What the task requires.
Reproduce every record below exactly as written, leaving out any pictures.

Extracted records
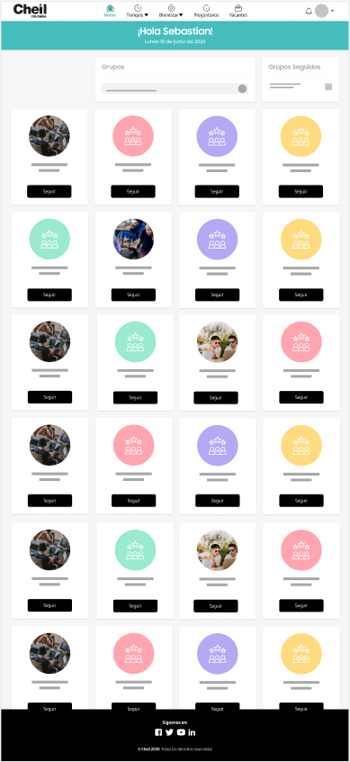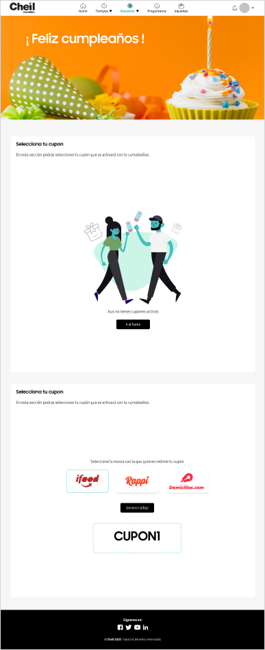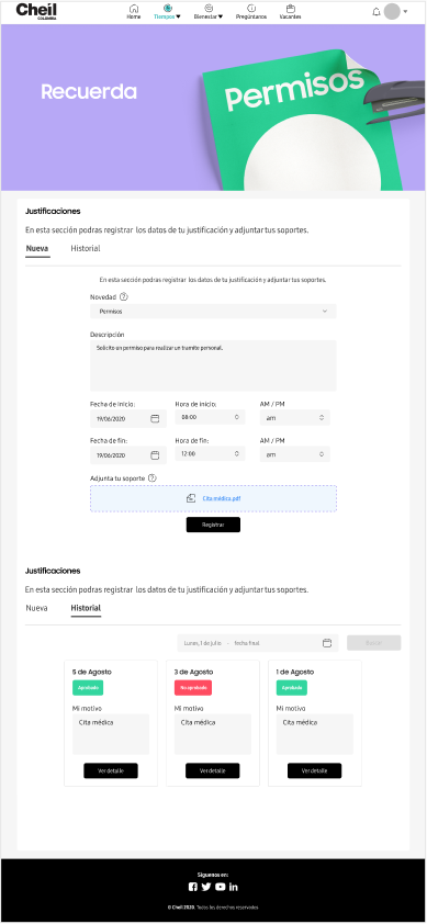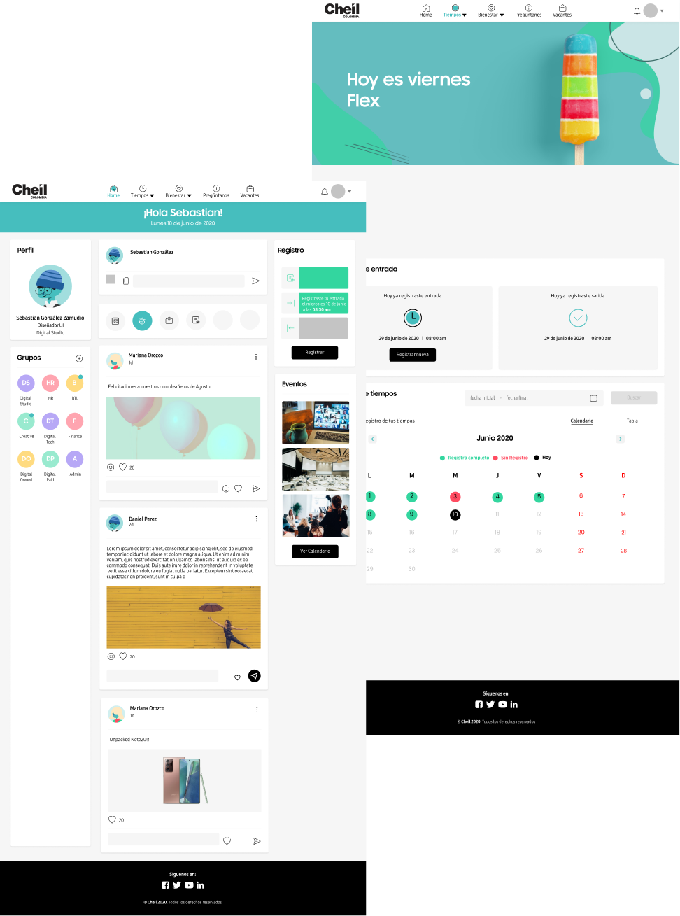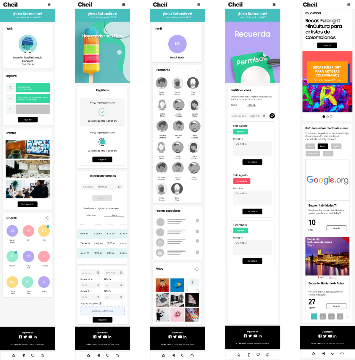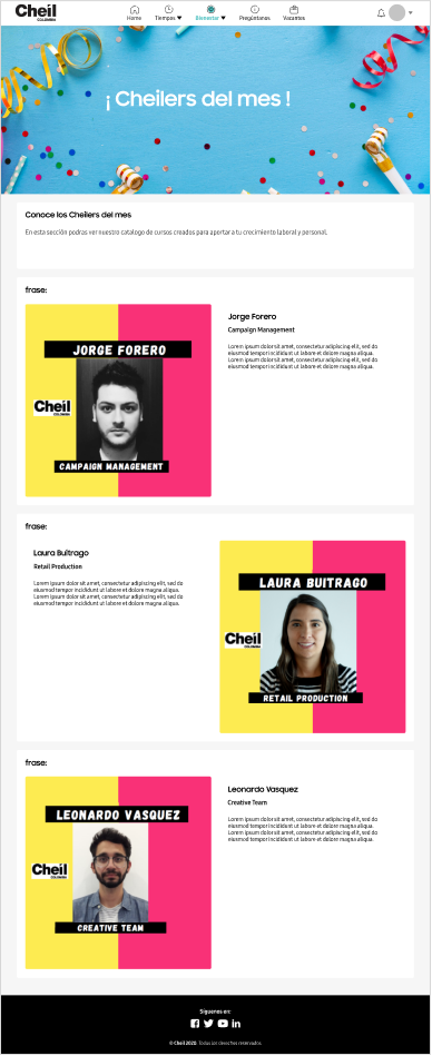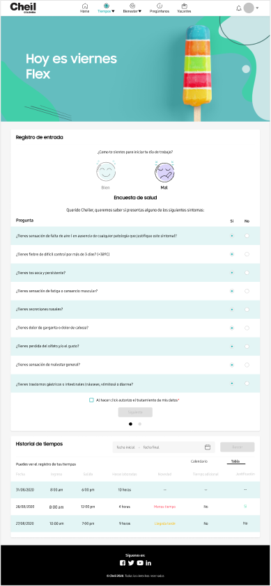 It is the renewal of the current Cheil human resources platform, this project not only allows Cheilers to register their arrival and departure times but also to be updated on upcoming events, news, activities, birthdays, and new income that happen on the day-to-day of the agency.
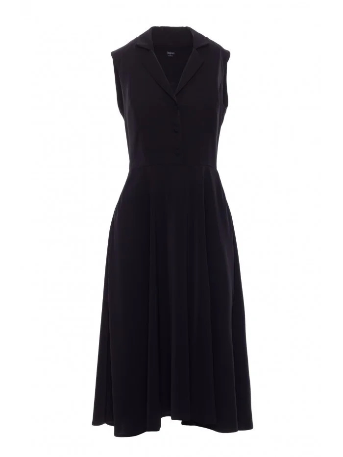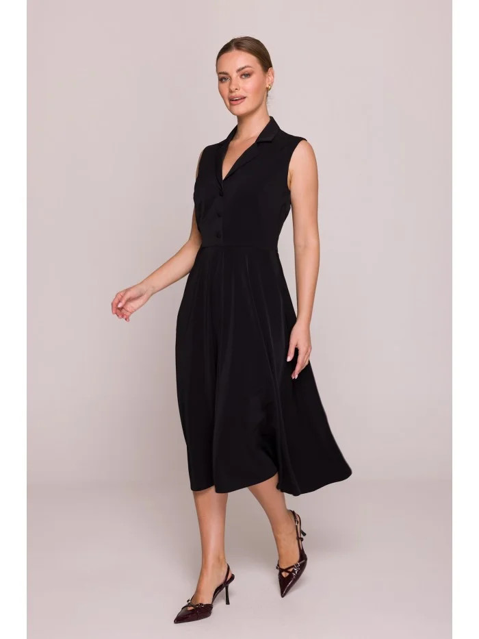 materiál: 95% polyester 5% elastan Materiál: hladká tkanina s jemným leskem PODROBNOSTI O PRODUKTU Výstřih: hluboký výstřih do V s klasickým límcem Rukávy: bez rukávů Zapínání: skrytý boční zip, zapínání na knoflíky Kapsy: boční kapsy Podšívka: žádná Model: S409 Navrženo a vyrobeno v Polsku Modelka je vysoká 170 cm a má na sobě velikost S STYL A STŘIH Střih: vypasovaný top s rozšířenou sukní Tvar: vypasovaný střih, vymezený pas
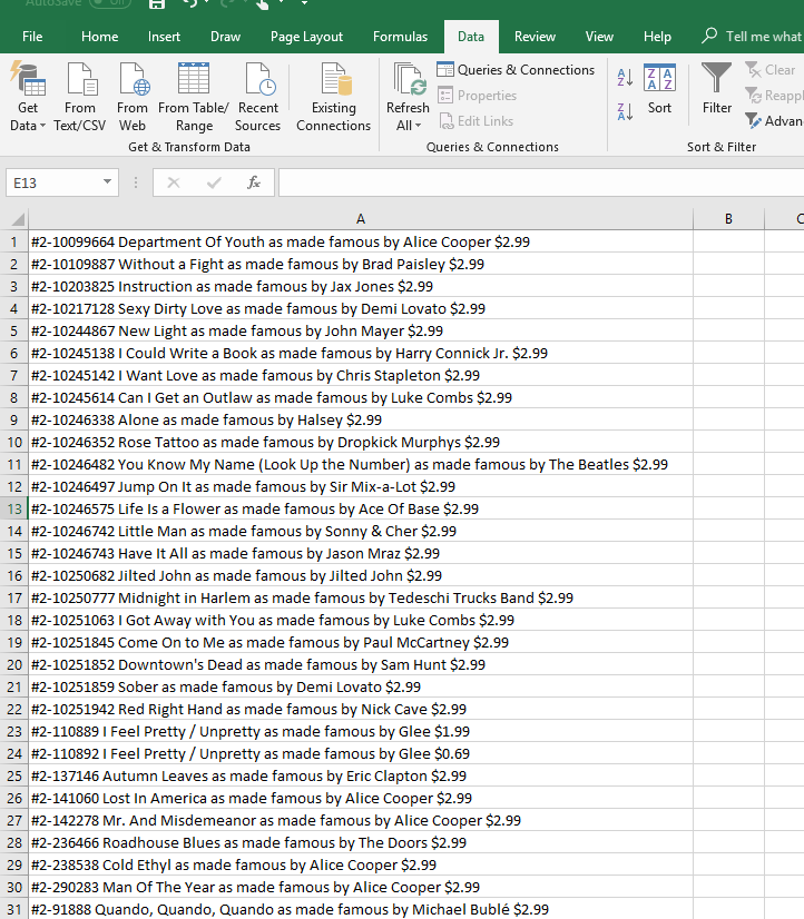 Ok but you said you were looking for the numbers for each song, if you have the original downloads in the naming convention they came with then you can get the original number for each and every song you are asking about already. So not really understanding what you need at this point.
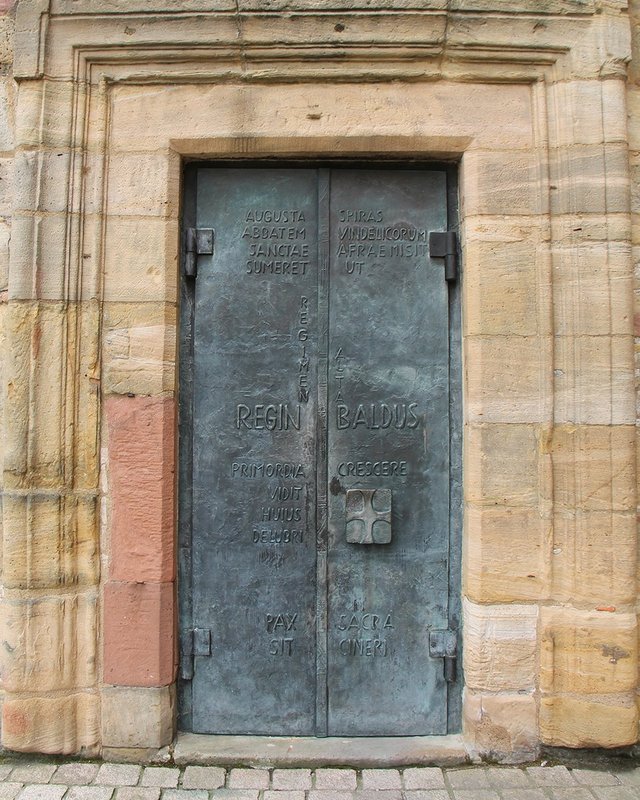 Augusta Spiras abbatem Vindelicorum Sanctae Afrae misit, sumeret ut regimen: Reginbaldus alta primordia crescere vidit Huius delubri. - Pax sacra sit cineri! | Augsburg schickte den Abt von Sankt Afra nach Speyer, damit er das Bistum regiere: Reginbald war es, er sah diesen Dom in seinen Anfängen emporwachsen. - Seine Asche ruhe in heiligem Frieden. |
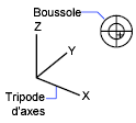 Affiche une boussole et une représentation des axes, que vous utilisez pour définir une direction de visée dans la fenêtre.

Finished task.
 It is the renewal of the current Cheil human resources platform, this project not only allows Cheilers to register their arrival and departure times but also to be updated on upcoming events, news, activities, birthdays, and new income that happen on the day-to-day of the agency.
 materiál: 95% polyester 5% elastan Materiál: hladká tkanina s jemným leskem PODROBNOSTI O PRODUKTU Výstřih: hluboký výstřih do V s klasickým límcem Rukávy: bez rukávů Zapínání: skrytý boční zip, zapínání na knoflíky Kapsy: boční kapsy Podšívka: žádná Model: S409 Navrženo a vyrobeno v Polsku Modelka je vysoká 170 cm a má na sobě velikost S STYL A STŘIH Střih: vypasovaný top s rozšířenou sukní Tvar: vypasovaný střih, vymezený pas
 Ok but you said you were looking for the numbers for each song, if you have the original downloads in the naming convention they came with then you can get the original number for each and every song you are asking about already. So not really understanding what you need at this point.
 Augusta Spiras abbatem Vindelicorum Sanctae Afrae misit, sumeret ut regimen: Reginbaldus alta primordia crescere vidit Huius delubri. - Pax sacra sit cineri! | Augsburg schickte den Abt von Sankt Afra nach Speyer, damit er das Bistum regiere: Reginbald war es, er sah diesen Dom in seinen Anfängen emporwachsen. - Seine Asche ruhe in heiligem Frieden. |
 Affiche une boussole et une représentation des axes, que vous utilisez pour définir une direction de visée dans la fenêtre.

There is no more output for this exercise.